OK, cool. Keep that attitude, and maybe we can stop "usability" from getting in the way of actually getting things done. Lots of simple things are easier on Windows than on Linux. Problem is, when you want to do the unusual things, that's when it gets impossible. Linux? Of course it's possible. Spend enough time, and you can swap any part out for something you like more. There are a dozen ways to do most things, and you get to research and choose which one you like. I like that. Now, if I'm going to play a game...reboot into Windows. Lowest common denominator OS for a lowest common denominator activity, and it works beautifully for that (unless the dev used a 32-bit number to represent the RAM in your machine, and the game refuses to start with your -{big_number} amount of RAM).

Comment Re:And this is why Linux will never win the deskto (Score 1) 555

you can *not* do that with even two versions of the same linux distro a year apart from eachother.

Hyperbole. Of course you can, if you design the software to handle that. One of my employer's pieces of software is compiled on SLES10 (from 2006) and runs on current Linux distros without a hitch. Code from 5 years ago compiled with gcc 2.95, and I'm sure that I could have that running both on a Linux release from 2000 and one from 2014.
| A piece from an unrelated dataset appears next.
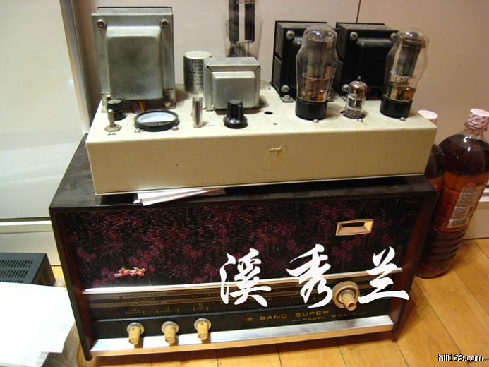 李先生收藏了一些古董。古董收音机,其上是李先生DIY的6L6电子管单端胆机,驱动功率3瓦特。

Now, if you've got a programmer that doesn't have that as their specific goal in how they compile and package the software, then there will be a problem. With non-commercial software that's distributed by the developer as source anyhow, what's the reason for them to take enough care in packaging it to support forward-compatibility? If their software is popular enough, they know it'll be recompiled for inclusion in every new distro's repository anyhow, so they won't focus on supporting the goal of wide compatibility of the binary.

Comment Re:so... (Score 1) 158

Netflix would be streaming a video that may take 4x the bandwidth and 4x the storage for them to keep around, so I'd be paying them to do more.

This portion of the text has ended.